Por un breve instante, el hielo comenzó a derretirse bajo los pies de Sofía. Ella usó inmediatamente su propia magia de frío para mantenerlo estable y Bela se la quedó mirando. —¿Todavía no controlas bien tu magia?

—Evolucioné muy rápido, todavía me cuesta un poco seguir el ritmo. Por ahora puedo mantenerlo bajo control —respondió Sofía con una sonrisa irónica. Su cuerpo estaba sobrecargado con todos los elementos dracónicos y rebosaba poder, pero no podía usarlo todo eficazmente por su falta de habilidad y experiencia.

Mientras caminaban lentamente por el sendero helado creado por Bela, Caín podía sentir a los monstruos que acechaban bajo la superficie. Esperaban pacientemente para atacar, pero Caín no les dio ninguna oportunidad, manteniendo un flujo constante de su magia hacia abajo para alertarlos.

Tras unos minutos, uno de los monstruos por fin se cansó de esperar y decidió atacar. Un tiburón demonio de aguas poco profundas, un monstruo parecido a un tiburón pero mucho más agresivo y duro. Saltó inmediatamente del agua, apuntando a la cabeza de Caín con sus fauces.

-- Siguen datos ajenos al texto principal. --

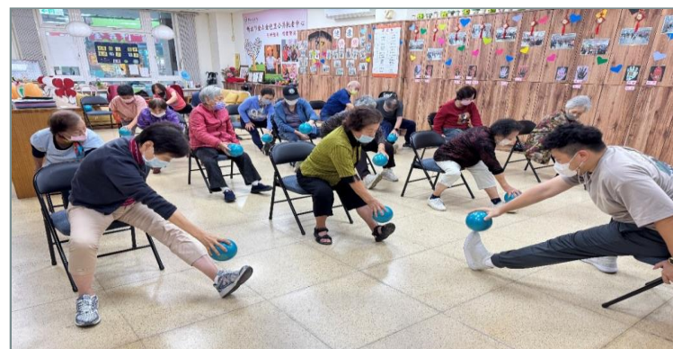
金山區藝文暨老人活中心介惠基金會導入長照C服務
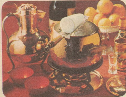
Krumbambuli. Stöckli-Modelle: Bowle mit Deckel 7745, Fr. 73.50, Réchaud 7531, Fr. 27.50, Zange 7973, Fr. 16.-
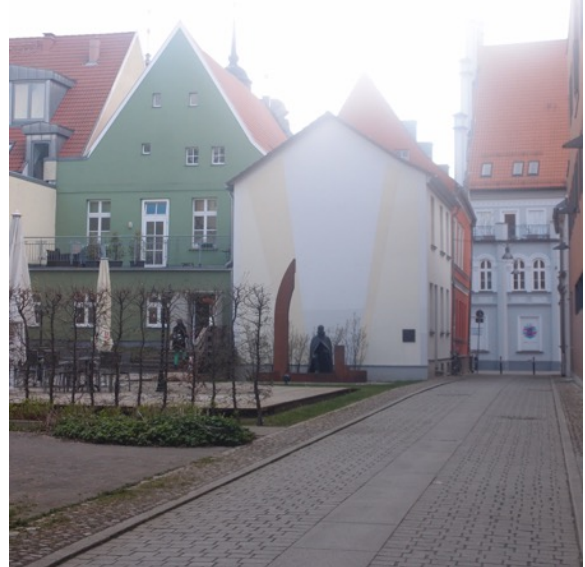
Thorilds Wirken an der Universität Greifswald

En guidad tur i slottet Griebenow i Neuenkirchen med smaklig sopplunch på gröna ärtor blev ännu en
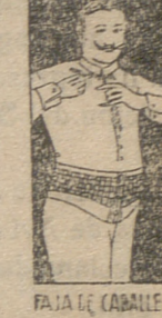
FAJA DE CABALLERO

Visítenos en AVILA el 21 de septbre, Hotel Inglés; SALAMANCA el 22, Hotel Pasaje; ZAMORA el 25, Hotel Suizo
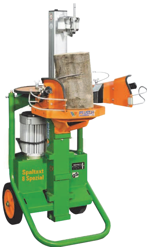
SpaltAxt 8 Spezial E5,5 Turbo Štípací stůl v horní zavěšené poloze, volitelně: štípací kříž
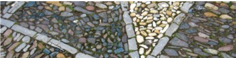
Pflaster aus Flusskies vor Goethes Gartenhaus

Aber auch innerhalb der Altstadt gibt es schöne Gartenoasen und ein Meer aus Blüten zu entdecken.
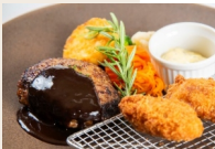
ハンバーグ&牡蠣フライ —デミグラスソース— ¥1,800
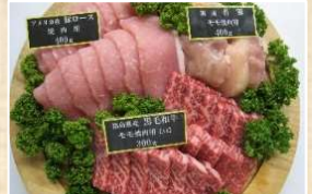
写真は和牛焼肉セット(5,000円)のイメージ写真です

◆海の宝石セット 4,000円(税込) ロシア産いくら醤油250g / アメリカ・ロシア産たらこ140g / アメリカ・ロシア産明太子140g
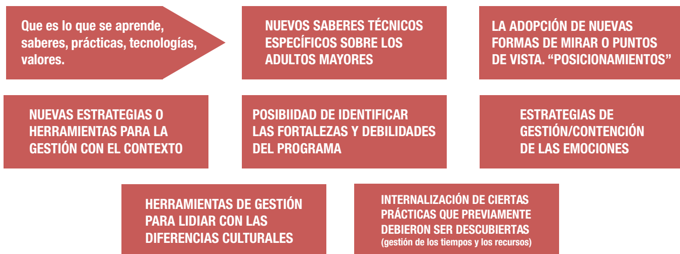
Gráfico 2. Tipos de Aprendizaje Organizacional

Cabe destacar como una reflexión adicional en relación con este proceso, que es la dificultad en los miembros de las organizaciones estudiadas de poder evocar e identificar los aprendizajes realizados a partir de la resolución de los problemas que enfrentan en la consecución de sus objetivos. También se pierde la noción de evolución a través del tiempo, no recuerdan con precisión las etapas/períodos/momentos en los que se reorientó la acción en función de los cambios propios o del contexto organizacional. Los aprendizajes no se registran, se naturalizan e incorporan al devenir cotidiano.

Caín vio los dientes afilados como navajas acercarse a él a una velocidad increíble y levantó su báculo. ¡CRAC! El báculo adoptó su forma de espada, pero no invocó a Inanna; hacerlo habría sido una exageración. En su lugar, Caín chasqueó los dedos: [Telequinesis]. La espada salió disparada hacia delante a una velocidad increíble.

Girando, la espada pasó junto al tiburón antes de que pudiera acercarse a Caín. ¡ZAS! Su cuerpo quedó seccionado en dos mitades y luego cayó detrás del sendero de hielo creado por Bela. La espada voló rápidamente de vuelta a la mano de Caín, que la sacudió para limpiarle la sangre.

¡CRAC! La espada volvió a su forma de báculo y el grupo siguió caminando. Un monstruo tan pequeño que Caín ni siquiera se vio obligado a usar su magia… bueno, usó [Telequinesis], pero eso para él es como un elemento básico.

—Como siempre, tan fuerte como un monstruo —murmuró Jella al ver a Caín diseccionar a un monstruo que ella había considerado peligroso.

Caín se rio, mirando la cara de pucheros de Jella y luego la sonrisa de su madre. —Bueno, es bueno tener a este monstruo de vuestro lado.

Zaleria miró hacia su barco, que estaba al otro lado de la isla, detrás de ellos. —Caín, ¿crees que las brujas atacarán el barco?

Caín se rascó la barbilla. —Puede que sí, pero no tienes de qué preocuparte. Allí hay poder suficiente para hacer frente a cualquier cosa… —respondió con una sonrisa.

—Ariel y Chad están allí, Farryn también, y… —mientras Zaleria los enumeraba, Caín la interrumpió—. Y Kayden, recuerda que aún no se ha transformado por completo. Solo manifestó sus seis ojos incluso contra Umberlee. —Caín sonrió—. Apuesto a que la habría matado él solo de haberse transformado por completo. Sentí que estaba a punto de hacerlo cuando quedó atrapado bajo el agua…

Kayden estaba sentado junto al barco, apoyado en un poste y afilando su hoja mientras sorbía vino. —Más trabajo… —dijo, con la mirada perdida en el mar.